__MATERIAL FOR THIS TASK__.
>>

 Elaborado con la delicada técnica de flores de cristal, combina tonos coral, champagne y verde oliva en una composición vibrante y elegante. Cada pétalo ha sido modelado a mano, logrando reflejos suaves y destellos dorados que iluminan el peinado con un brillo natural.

<<
>>

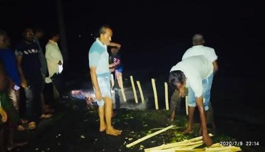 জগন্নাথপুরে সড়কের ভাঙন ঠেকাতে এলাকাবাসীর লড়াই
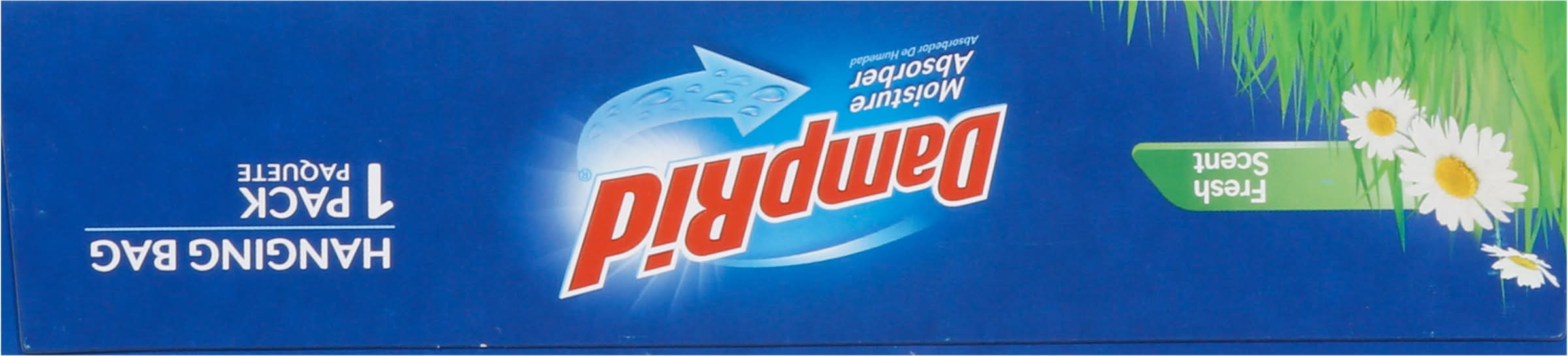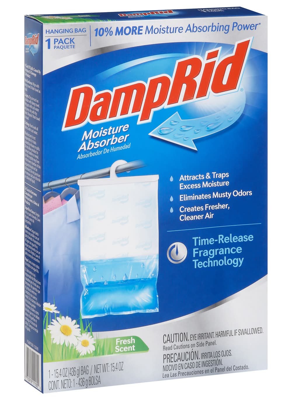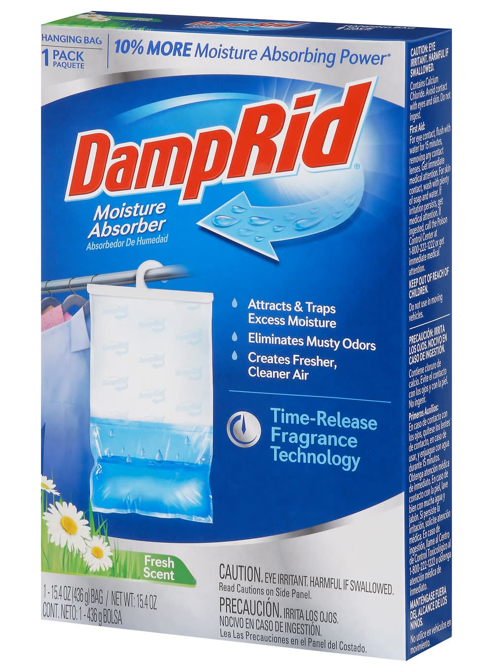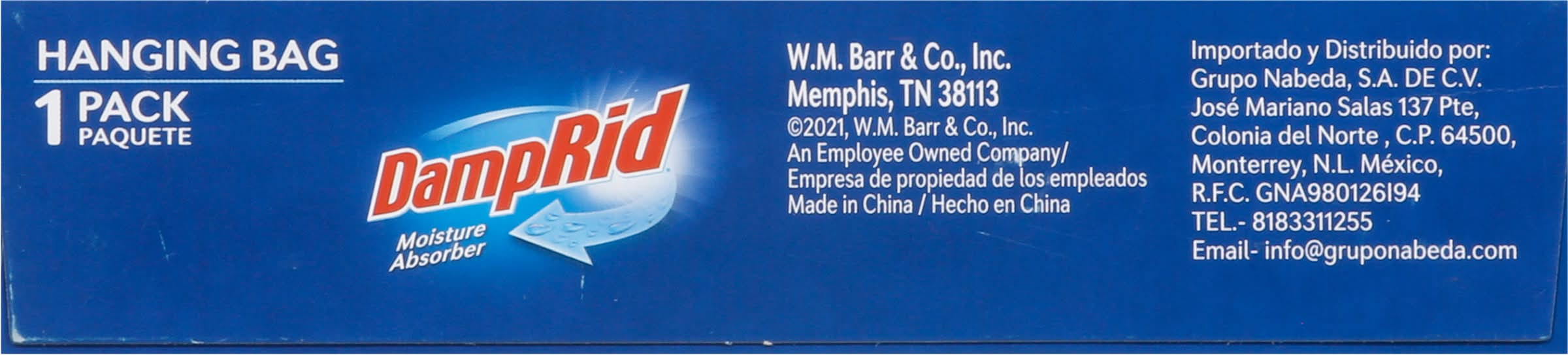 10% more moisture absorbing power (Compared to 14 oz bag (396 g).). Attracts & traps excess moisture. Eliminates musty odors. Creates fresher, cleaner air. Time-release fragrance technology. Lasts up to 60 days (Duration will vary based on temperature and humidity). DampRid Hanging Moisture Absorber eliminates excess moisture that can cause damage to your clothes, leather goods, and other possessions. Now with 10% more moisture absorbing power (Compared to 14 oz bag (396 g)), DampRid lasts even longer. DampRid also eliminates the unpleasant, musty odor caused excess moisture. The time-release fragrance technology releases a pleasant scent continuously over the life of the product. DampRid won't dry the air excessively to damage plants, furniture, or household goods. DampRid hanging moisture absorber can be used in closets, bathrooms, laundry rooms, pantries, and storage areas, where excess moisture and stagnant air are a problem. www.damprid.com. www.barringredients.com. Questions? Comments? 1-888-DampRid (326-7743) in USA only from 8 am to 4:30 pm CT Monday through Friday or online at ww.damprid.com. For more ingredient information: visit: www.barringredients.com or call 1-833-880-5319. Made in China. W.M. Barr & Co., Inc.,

<<

Pictures do not belong in the answer. Return the lines above starting at the one with "জগন্নাথপুরে সড়কের ভাঙন" and ending at the one with "bag (396 g).).", both kept, exactly.

 জগন্নাথপুরে সড়কের ভাঙন ঠেকাতে এলাকাবাসীর লড়াই
 10% more moisture absorbing power (Compared to 14 oz bag (396 g).). Attracts & traps excess moisture. Eliminates musty odors. Creates fresher, cleaner air. Time-release fragrance technology. Lasts up to 60 days (Duration will vary based on temperature and humidity). DampRid Hanging Moisture Absorber eliminates excess moisture that can cause damage to your clothes, leather goods, and other possessions. Now with 10% more moisture absorbing power (Compared to 14 oz bag (396 g)), DampRid lasts even longer. DampRid also eliminates the unpleasant, musty odor caused excess moisture. The time-release fragrance technology releases a pleasant scent continuously over the life of the product. DampRid won't dry the air excessively to damage plants, furniture, or household goods. DampRid hanging moisture absorber can be used in closets, bathrooms, laundry rooms, pantries, and storage areas, where excess moisture and stagnant air are a problem. www.damprid.com. www.barringredients.com. Questions? Comments? 1-888-DampRid (326-7743) in USA only from 8 am to 4:30 pm CT Monday through Friday or online at ww.damprid.com. For more ingredient information: visit: www.barringredients.com or call 1-833-880-5319. Made in China. W.M. Barr & Co., Inc.,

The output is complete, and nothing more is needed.